Marlon Stalin Taco Arias

doi:10.67294/j87y4t65

Authors

Marlon Stalin Taco Arias RS ROTH S.A. Author https://orcid.org/0009-0006-9590-5014

DOI:

https://doi.org/10.67294/j87y4t65

Keywords:

Data Envelopment Analysis, Python Workflow, Technical Efficiency, Bootstrap Inference, Truncated Regression

Abstract

This study evaluated whether a reproducible Python workflow can strengthen Data Envelopment Analysis in industrial efficiency studies when compared with spreadsheet-based tools such as XlDEA/XIDEA. A methodological, documentary, and computational comparative design was applied. The study examined two implementation environments: a reproducible Python workflow and spreadsheet-based analysis tools. Data were collected through a structured comparison matrix that assessed methodological coverage, automation and scalability, reproducibility and auditability, and second-stage inferential robustness.
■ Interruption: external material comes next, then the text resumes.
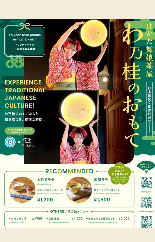 伝統芸能や伝統文化を継承していくため気軽に楽しめる場所を作りたいと、2023年、川端通商店街に「はかた芸処 わ乃桂」を開業。2026年店舗拡張とサービス改訂し、名称を「はかた舞娘茶屋 わ乃桂のおもて」へ変更しリニューアル。
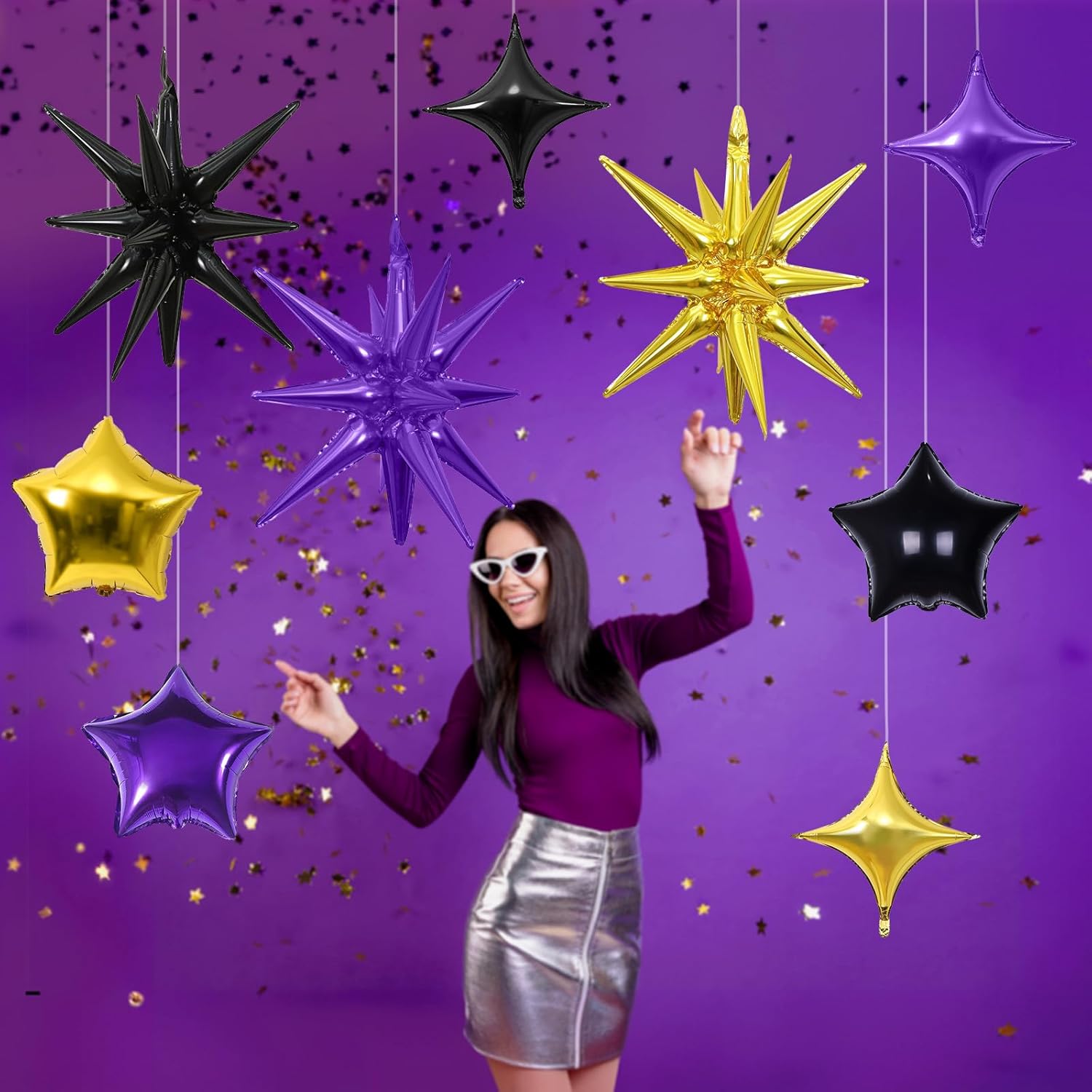 - Purple Gold Balloons Set: Package includes: purple, black, gold three-color aluminum foil star balloons (explosion stars × 3, four-pointed stars × 6, five-pointed stars × 6) , a straw and ribbon

The analytical procedure reviewed input-oriented CCR estimation, bootstrap inference, Tobit modeling on inefficiency, truncated regression with double bootstrap, and automated report generation. The main result indicates that Python provides a more scalable and auditable architecture for repeated analysis, especially when monthly data, multiple decision-making units, and standardized outputs are required. However, spreadsheet tools remain useful for exploratory applications because they offer greater initial accessibility for non-programming users. The study concludes that Python is preferable for production-grade efficiency analysis, while truncated regression with double bootstrap should guide future second-stage inference when contextual determinants of efficiency are analyzed.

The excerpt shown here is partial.